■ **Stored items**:
Content starts
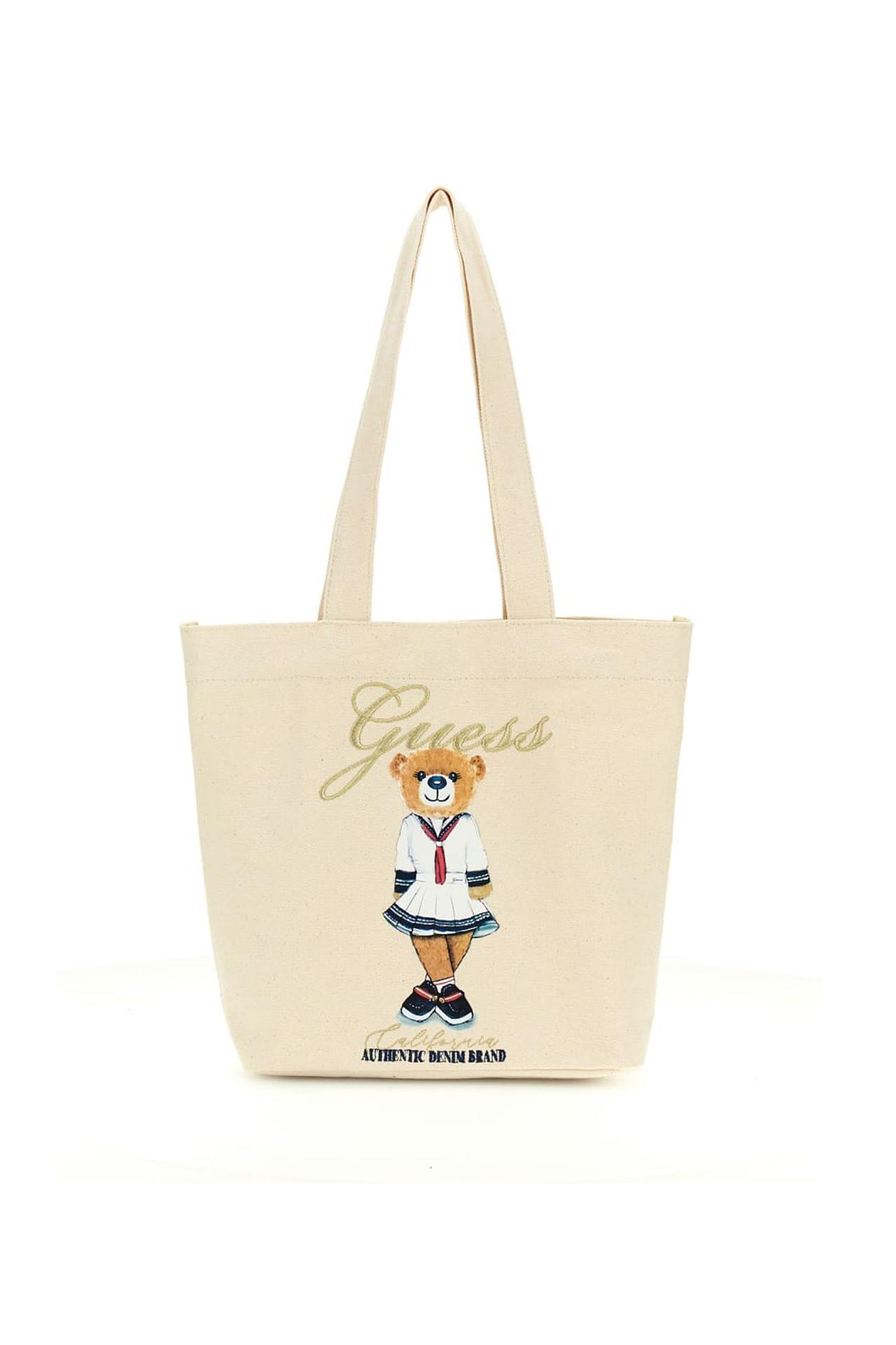 Стильная и удобная детская сумка-шоппер Guess выполнена из 100% натурального хлопка, обеспечивая комфорт и долговечность. Эта очаровательная сумка для девочек украшена ярким принтом с милым медвежонком, который непременно понравится вашей малышке, делая каждый выход особенным.
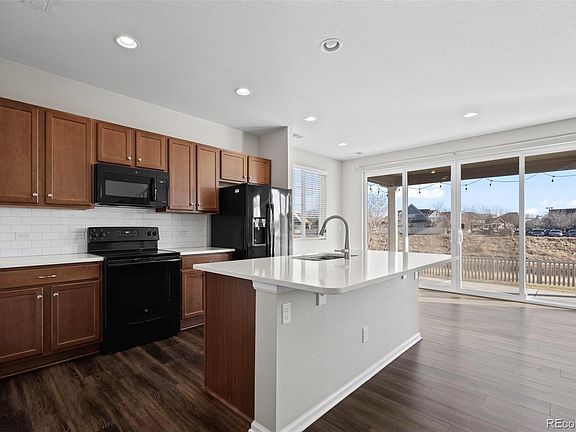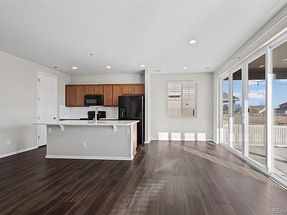Great opportunity to gain instant equity with this beautiful two-story home! This property is part of the resale portion of a buyout process, offering both move-in equity and a prime location. Backing up to dedicated open space with a generously sized backyard, this home offers ultimate privacy with no neighbors behind. It’s the perfect setup to enjoy serene surroundings while making a smart investment in open space living! Near parks, trails, open space, shopping, and dining, this location is ideal for keeping you entertained. This home welcomes you in with luxury vinyl plank flooring flowing seamlessly into a bright and open great room illuminated by natural light streaming through double sliding glass doors. The eat-in kitchen boasts a large center island, pantry, and subway tile backsplash. Upstairs, you'll discover a versatile loft, a primary suite, and two secondary bedrooms. Step outside to the expansive, fully fenced backyard, complete with grass and a covered patio—perfect for outdoor gatherings and relaxation. Near I-76 makes commuting to DIA, Denver, and surrounding areas easy! Don’t miss this amazing opportunity to gain instant equity!!
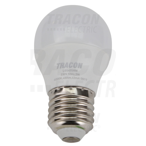 Gömb burájú LED fényforrás 5W, 4000K, E27, 450lm, 180fok, G4 SAMSUNG chippel LGS455NW Tracon
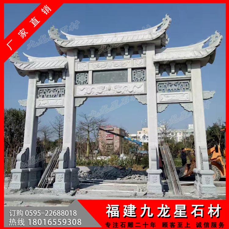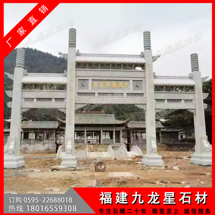 第二:牌坊大小,大型牌坊也有大小之分,筆者見過最大的牌坊高達6米,左右寬12米,深3米,整座牌坊完全采用立柱搭建,造型別致,精妙絕倫,這樣的大型牌坊價格是非常高的,當(dāng)時聽聞,需要幾千萬制作而成。但是普通的三門牌坊也可以稱之為大型牌坊,價格不過幾萬到十幾萬也非常多。主要是越大的作品,需要加工的工藝和使用的石料都會增加,并且后續(xù)的運輸,安裝也會非常的繁瑣導(dǎo)致的。
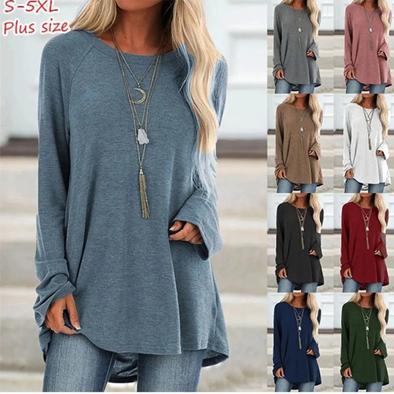 Новинка, женская одежда в стиле Харадзюку, хлопковая футболка средней длины в стиле оверсайз, однотонная свободная повседневная женская футболка с длинным рукавом и круглым вырезом, весна-осень
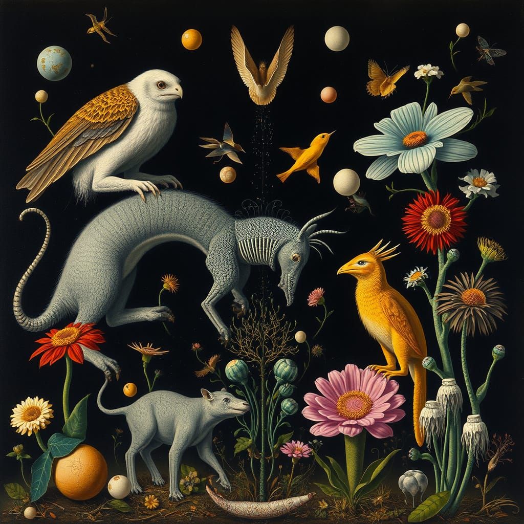 This image shows a surreal composition featuring bizarre, harmless animals and strange plants. The artwork evokes surrealist painters through asymmetric compositions and fantastical elements.
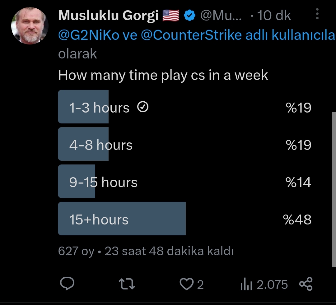 Haftada kaç saat CS oynuyorsunuz diye anket açmışlar. Çok normal dünyanın en çok oynanan oyunlarından biri. Ben şahsen 4-15 saat arası oynuyorum. İş yoğunluğuma göre değişiyor.
Content ends
■ **The task**:
The required output is each line above restated verbatim, with all images omitted.

■ **Written response**:
 Стильная и удобная детская сумка-шоппер Guess выполнена из 100% натурального хлопка, обеспечивая комфорт и долговечность. Эта очаровательная сумка для девочек украшена ярким принтом с милым медвежонком, который непременно понравится вашей малышке, делая каждый выход особенным.
Great opportunity to gain instant equity with this beautiful two-story home! This property is part of the resale portion of a buyout process, offering both move-in equity and a prime location. Backing up to dedicated open space with a generously sized backyard, this home offers ultimate privacy with no neighbors behind. It’s the perfect setup to enjoy serene surroundings while making a smart investment in open space living! Near parks, trails, open space, shopping, and dining, this location is ideal for keeping you entertained. This home welcomes you in with luxury vinyl plank flooring flowing seamlessly into a bright and open great room illuminated by natural light streaming through double sliding glass doors. The eat-in kitchen boasts a large center island, pantry, and subway tile backsplash. Upstairs, you'll discover a versatile loft, a primary suite, and two secondary bedrooms. Step outside to the expansive, fully fenced backyard, complete with grass and a covered patio—perfect for outdoor gatherings and relaxation. Near I-76 makes commuting to DIA, Denver, and surrounding areas easy! Don’t miss this amazing opportunity to gain instant equity!!
 Gömb burájú LED fényforrás 5W, 4000K, E27, 450lm, 180fok, G4 SAMSUNG chippel LGS455NW Tracon
 第二:牌坊大小,大型牌坊也有大小之分,筆者見過最大的牌坊高達6米,左右寬12米,深3米,整座牌坊完全采用立柱搭建,造型別致,精妙絕倫,這樣的大型牌坊價格是非常高的,當(dāng)時聽聞,需要幾千萬制作而成。但是普通的三門牌坊也可以稱之為大型牌坊,價格不過幾萬到十幾萬也非常多。主要是越大的作品,需要加工的工藝和使用的石料都會增加,并且后續(xù)的運輸,安裝也會非常的繁瑣導(dǎo)致的。
 Новинка, женская одежда в стиле Харадзюку, хлопковая футболка средней длины в стиле оверсайз, однотонная свободная повседневная женская футболка с длинным рукавом и круглым вырезом, весна-осень
 This image shows a surreal composition featuring bizarre, harmless animals and strange plants. The artwork evokes surrealist painters through asymmetric compositions and fantastical elements.
 Haftada kaç saat CS oynuyorsunuz diye anket açmışlar. Çok normal dünyanın en çok oynanan oyunlarından biri. Ben şahsen 4-15 saat arası oynuyorum. İş yoğunluğuma göre değişiyor.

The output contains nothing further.